Not only does lactate not cause the ‘burn’, once you’ve slowed down and let oxygen flood your muscles, your mitochondria burn lactate to produce energy. One of the key pieces of research into this was conducted by George Brooks, professor of integrative biology at the University of California. He discovered that endurance training reduces blood levels of lactate, even while cells continue coproduce it, inferring that lactate is shuttled to the mitochondria to be reused.
Essentially, lactate acts as an intermediary between aerobic and anaerobic metabolism with further research showing that up to 75% of lactate produced is used for fuel. And when the amount created initially is greater than the energy being produced aerobically, that’s your anaerobic threshold (AT).
Measuring lactate levels in your blood is a convenient way of estimating how much hydrogen is in your body. The more intense the workout, the more lactate is released into your body, and the more hydrogen ions interfere with muscle contractions.
The anaerobic threshold varies from person to person with untrained individuals having a low AT (around 55% of Vo2 max) compared to elite athletes whose AT will register around 80-90% of Vo2 max. The higher you’re AT, the higher the intensity and duration you can race at, and this is why all coaches will prescribe sessions designed to raise it.
It might feel painful but, by training at AT, your system becomes more efficient at using lactate as fuel. One of the reasons for this is that lactate production stimulates a process called ‘mitochondrial biogenesis’ once exercise has ceased. Essentially this increases mitochondria concentration within the cells, which is one of the major adaptations you’re looking for to improve endurance performance. It seems paradoxical that lactate, a byproduct of the anaerobic system, can boost your aerobic system but it’s true, and it’s why interval training is so important.

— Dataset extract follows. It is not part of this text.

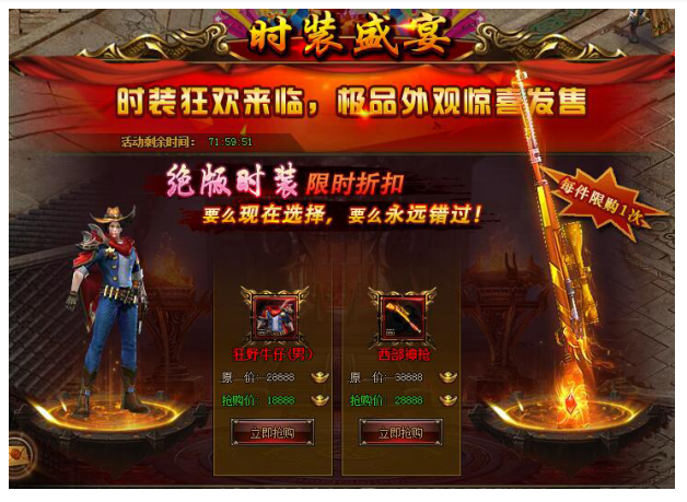 活动内容:新款时装显示出售,玩家购买时装后可获得全新外观和属性增幅,活动结束后绝版。

So what can you take away from this? Firstly, lactate is your friend. It provides energy, doesn’t cause fatigue and has no relationship with muscle soreness. Hydrogen ions are the problem but you can starve off their effects by integrating intervals into your training. By mixing bursts of higher intensity efforts with rest periods, you’re constantly raising lactate levels rather than simply pushing on for longer and stopping sooner, which would ultimately mean less time training at your AT.